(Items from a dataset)
-- Opening Marker --

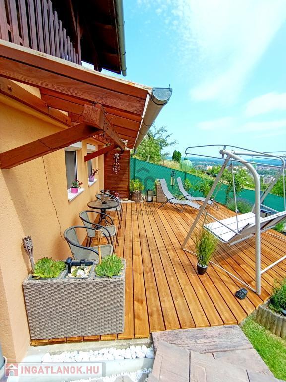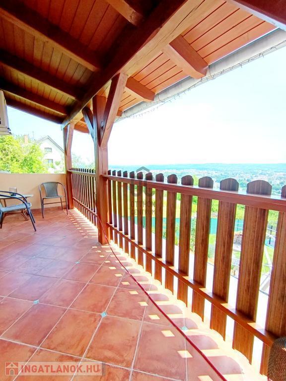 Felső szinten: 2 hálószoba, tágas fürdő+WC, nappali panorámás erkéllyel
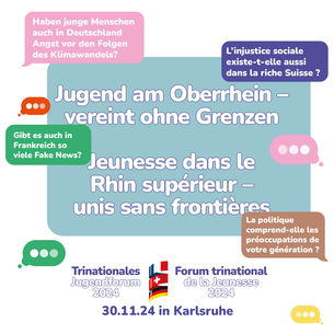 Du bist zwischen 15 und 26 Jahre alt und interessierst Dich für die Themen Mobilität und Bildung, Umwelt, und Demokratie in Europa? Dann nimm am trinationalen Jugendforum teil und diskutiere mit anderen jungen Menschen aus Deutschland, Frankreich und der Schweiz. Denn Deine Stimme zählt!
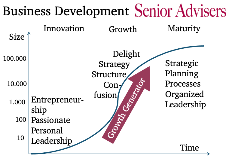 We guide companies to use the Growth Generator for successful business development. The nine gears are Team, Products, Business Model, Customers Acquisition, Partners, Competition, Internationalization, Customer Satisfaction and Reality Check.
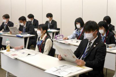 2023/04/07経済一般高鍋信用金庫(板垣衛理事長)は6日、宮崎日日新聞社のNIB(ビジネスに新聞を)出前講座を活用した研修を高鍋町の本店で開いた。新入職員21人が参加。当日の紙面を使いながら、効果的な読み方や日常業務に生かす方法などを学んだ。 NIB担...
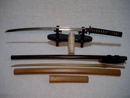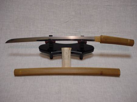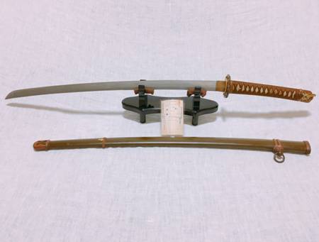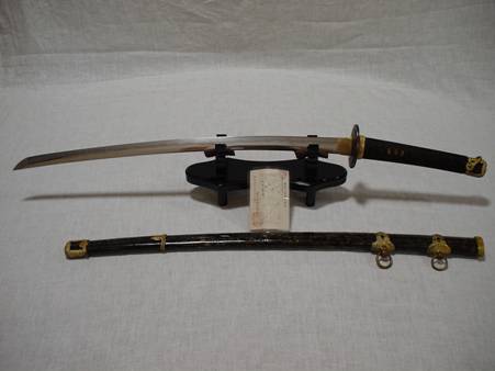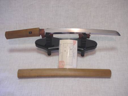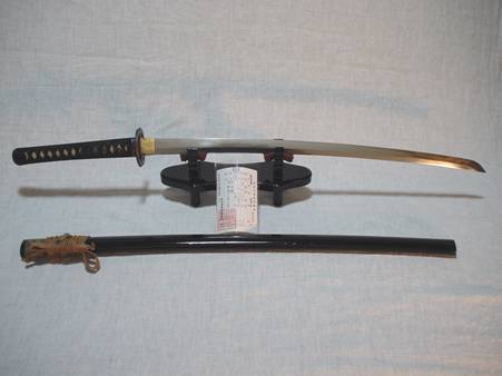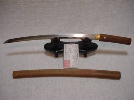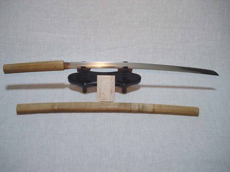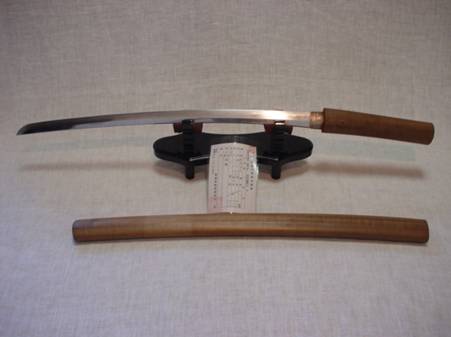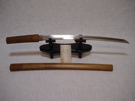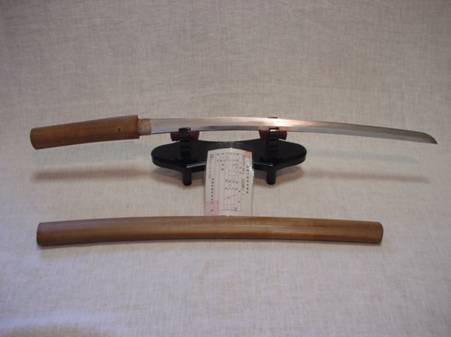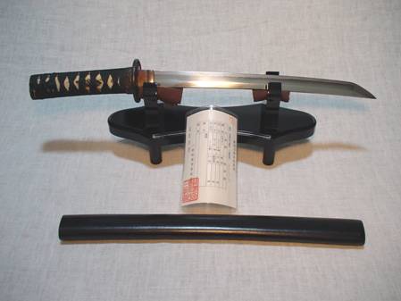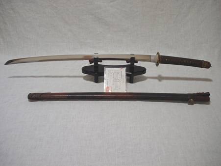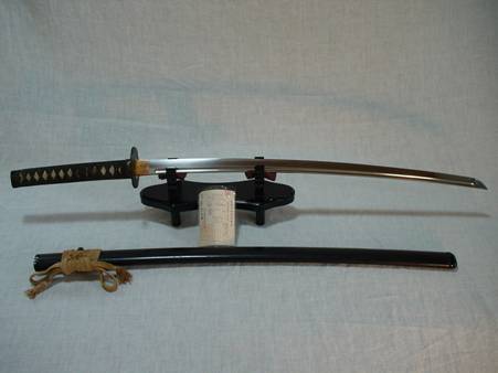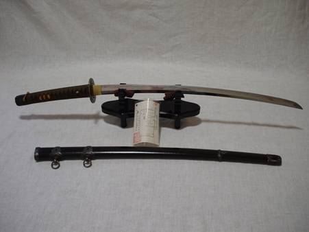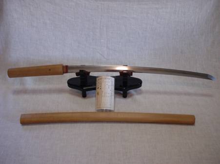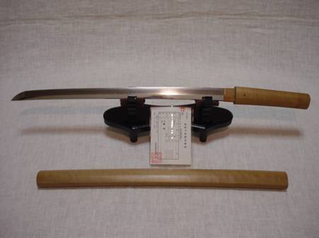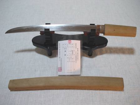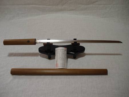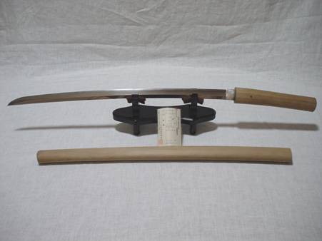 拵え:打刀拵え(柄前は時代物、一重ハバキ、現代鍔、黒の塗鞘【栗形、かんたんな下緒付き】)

-- Closing Marker --
-- Opening Marker --

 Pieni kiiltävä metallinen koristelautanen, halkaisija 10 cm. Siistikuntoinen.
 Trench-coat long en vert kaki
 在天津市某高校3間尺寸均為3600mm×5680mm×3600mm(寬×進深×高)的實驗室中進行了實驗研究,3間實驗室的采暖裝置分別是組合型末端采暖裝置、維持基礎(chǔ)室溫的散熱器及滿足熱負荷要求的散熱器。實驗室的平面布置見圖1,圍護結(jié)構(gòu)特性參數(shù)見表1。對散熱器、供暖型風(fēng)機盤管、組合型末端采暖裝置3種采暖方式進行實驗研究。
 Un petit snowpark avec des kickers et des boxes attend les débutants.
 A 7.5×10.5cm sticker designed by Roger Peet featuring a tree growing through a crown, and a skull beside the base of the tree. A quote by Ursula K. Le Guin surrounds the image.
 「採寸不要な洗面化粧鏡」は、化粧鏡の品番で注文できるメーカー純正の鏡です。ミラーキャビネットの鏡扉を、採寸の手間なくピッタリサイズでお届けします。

-- Closing Marker --

Assignment
Please repeat, exactly as written, the lines in the records above, starting with the one that has "Du bist zwischen" and going on through the one that has "拵え:打刀拵え(柄前は時代物". Pictures are to be left out.

Solution for this problem
 Du bist zwischen 15 und 26 Jahre alt und interessierst Dich für die Themen Mobilität und Bildung, Umwelt, und Demokratie in Europa? Dann nimm am trinationalen Jugendforum teil und diskutiere mit anderen jungen Menschen aus Deutschland, Frankreich und der Schweiz. Denn Deine Stimme zählt!
 We guide companies to use the Growth Generator for successful business development. The nine gears are Team, Products, Business Model, Customers Acquisition, Partners, Competition, Internationalization, Customer Satisfaction and Reality Check.
 2023/04/07経済一般高鍋信用金庫(板垣衛理事長)は6日、宮崎日日新聞社のNIB(ビジネスに新聞を)出前講座を活用した研修を高鍋町の本店で開いた。新入職員21人が参加。当日の紙面を使いながら、効果的な読み方や日常業務に生かす方法などを学んだ。 NIB担...
 拵え:打刀拵え(柄前は時代物、一重ハバキ、現代鍔、黒の塗鞘【栗形、かんたんな下緒付き】)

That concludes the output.